Similar to how the original sets itself up, we follow former convict Dell (Hart) as he’s begrudgingly going from job interview to job interview just so he can obtain their signature to prove to his parole officer he’s looking for work. He approaches his current job interview with the same attitude, only to earn the attention of his potential employer, billionaire Phillip Lacasse (Cranston) who has been left a quadriplegic following a paragliding accident, and against the wishes of his assistant Yvonne (Nicole Kidman) hires him as his new live-in carer, despite Dell being more than unqualified for the position. Soon, the two men – who both hail from different worlds, Dell from the impoverished districts of New York where his estranged wife (Aja Naomi King) and son are living in a rundown apartment, and Phillip in the comfort of his swanky penthouse with opera music blaring through the speakers – become good friends, and teach each other the important values of life and how best to live it.
This is a far more dialled-down vehicle for Kevin Hart, who has previously made a career out of being in obnoxious comedies like Night School and Ride Along, but not necessarily a course-correctional one, either. The script has him doing a lot of the standard Hart schtick, riffing on certain topics in a mini stand-up set in the middle of a scene as well as reacting to gross-out humour on occasion – there’s a scene that seems to go on for an eternity about changing Cranston’s character’s catheter – but here, the overall tone leans a lot more toward the dramatic side, which makes those moments feel even more out of place than a more standard Hart movie. You have a hard time trying to figure out which parts of this film you’re meant to laugh at or take incredibly seriously, because the way it’s shot and how the music is playing tells us that it’s a dreary affair, but the script and parts of Hart’s delivery are telling us that it’s meant to be more light-hearted than that. This film’s tone is odd, in that regard, because you’re unsure of its overall intent since it’s throwing different things at you simultaneously and you, like the film, don’t know which one to focus more on.
It’s also one of those films that you can correctly predict from the moment it starts; the opening scene, which is of the two leads evading police cars in a chase, is revealed to be a flash-forward to later in the movie before it cuts back to six months earlier when the story properly begins, which right there is when the film shoots itself in the foot because everything that follows after in terms of dramatic twist or character revelation is undone because we now know what’s going to happen to them later on.
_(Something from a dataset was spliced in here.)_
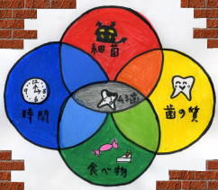 みなさん、むし歯は4つの要因からできている事をご存知ですか?右図のような4つの要因が重なる事によってむし歯が発生します。それぞれの要因を1つでも確実に抑制することができればむし歯を予防する事ができるでしょう。しかし、生活をしていくうえでそれぞれを確実に予防するという事は困難な場合が多いのでむし歯が進行しないよう防止していくことが大切です。食べたらすぐ磨く事やブラッシングをしっかり行なうことなどさまざまな方法がありますがその1つに「フッ素塗布」があります。みなさんはたびたび歯医者さんなどでフッ素を塗る機会があると思います。ここでは、その「フッ素」についてのお話をしていきたいと思います。フッ素は、体を構成する物質の1つなので体にとってとても必要なものです。また、むしば菌の働きを弱め、酸を作りむし歯になるのを防ぐ働きをします。フッ素には2種類の取り入れ方があります。1つは直接体内へ取り入れる場合です。日頃食べている魚介類、海草、野菜(根菜類)、お茶などの食品から体内に吸収し、骨や歯に蓄積されていきます。もう1つは、歯医者などで歯に直接塗ったり歯磨剤に入っている成分から取り入れる場合です。フッ素は主に、萌出して間もないむし歯になっていない歯が適応歯です。フッ素が多く取り込まれるからです。数年経過した歯にフッ素塗布しても効果がないわけではないので成人の方にも塗っていただけます。こちらの当医院では子供さんには年に4回、成人の方には年に2回の定期検診でのフッ素塗布を取り入れています。フッ素の中毒となる量は歯科医院で使用する量や、歯磨剤で使用する量とは比較にならないほどおおきな数字ですのでご安心下さい。

Even the stuff that does follow on from that is all stuff you’ve seen before, the Odd Couple formula about two guys who at first don’t get along but soon become the best of friends, with revelation after revelation that continuously tests their friendship, leading up to a big climax (glimpsed at in the opening scene) that sees them coming back together again after a third-act break-up, if you will. It doesn’t do much with these tropes to set itself apart from movies that do them much better, and so it becomes less entertaining and more boring than anything because you’re counting down the moments until the next predictable moment. It’s unfortunate, because both Hart and Cranston do have good chemistry together, and they both do very well in the movie, but they’re both saddled with a script that has them playing out these ancient parts with not much that’s added to make them feel fresh and new.
As much as he really is trying in this, The Upside is yet another unfortunate misstep for Kevin Hart, especially at a time when he could really use a win after that whole Oscars debacle.
SO, TO SUM UP…
The Upside has good intentions, as well as a decent pairing of Kevin Hart and Bryan Cranston, but unfortunately they are both stuck with a script that uses several buddy movie clichés and doesn’t add anything of interest to make it a more entertaining watch.